Developers often block the entire /api/ directory to protect backend routes. But in Next.js, you might serve dynamic sitemaps or public RSS feeds from an API route.

The Mistake:

User-agent: *
Disallow: /api/

If your sitemap lives at /api/public/sitemap-generator, Googlebot will refuse to crawl it because the /api/ disallow rule intercepts the request.

The Fix: Use the longest-match rule to carve out an exception.

User-agent: *
Disallow: /api/
Allow: /api/public/

3. Trailing wildcard collisions

Adding a wildcard at the end of a path changes how the crawler interprets the URL boundary.

The Mistake:

User-agent: *
Disallow: /blog/*?

The developer intended to block query parameters on the blog (like /blog/post?theme=dark). Instead, this rule blocks /blog/post?page=2, destroying standard pagination indexation.

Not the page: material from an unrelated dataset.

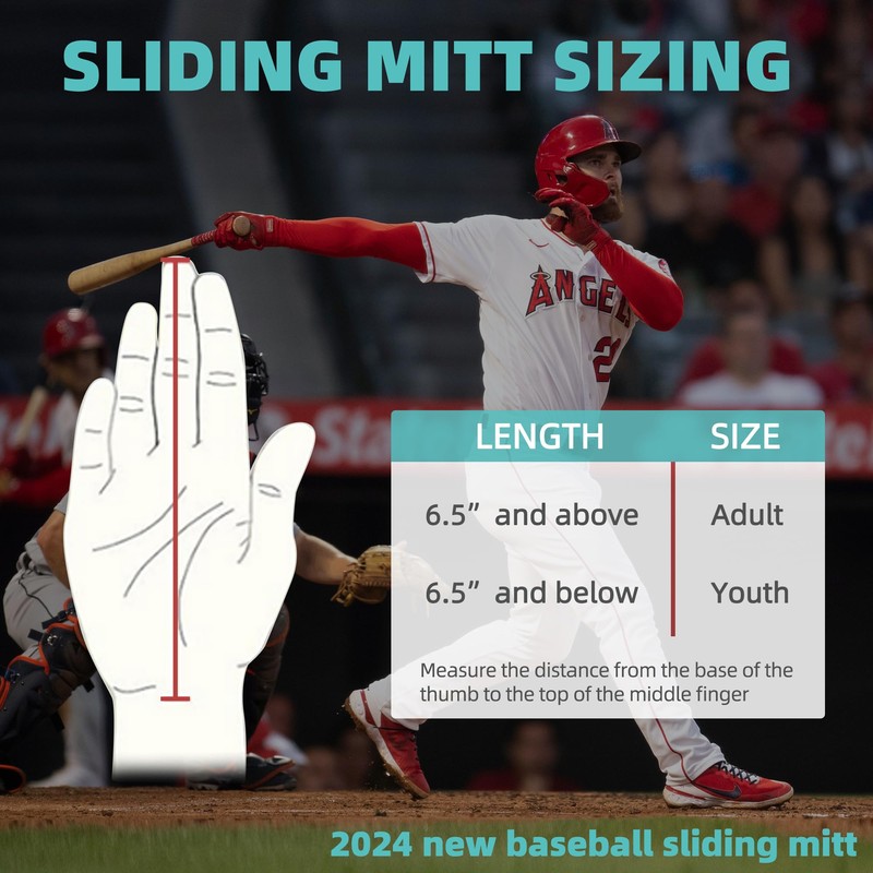 - SIZE: Baseball sliding mitt youth size dimensions (9.8" L x 5" W x 1.75" H), generally suggested for ages 9-13 but, if your child has a slimmer build, please carefully compare their measurements to the sizing dimensions. Pay close attention to the 5" palm width shown in the dimensional photo

The Fix: Target the specific query keys that cause duplicate content, rather than using a blanket wildcard for all parameters.

User-agent: *
Disallow: /blog/*?theme=

How do you validate robots.txt changes in CI?

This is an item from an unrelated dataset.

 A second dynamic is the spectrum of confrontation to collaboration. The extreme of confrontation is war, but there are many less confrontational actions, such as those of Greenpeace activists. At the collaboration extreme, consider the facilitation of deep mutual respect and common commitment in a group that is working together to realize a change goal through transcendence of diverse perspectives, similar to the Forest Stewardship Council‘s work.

Validate robots.txt changes in CI by running npx indxel check --ci to catch staging URL leaks, syntax errors, and disallowed critical paths before they merge to production.

Relying on Google Search Console's robots.txt tester is a fundamentally broken workflow for developers. GSC requires you to manually copy-paste text into a web UI, click a "Test" button, and manually input URLs to check. You cannot automate it. You cannot run it on a pull request.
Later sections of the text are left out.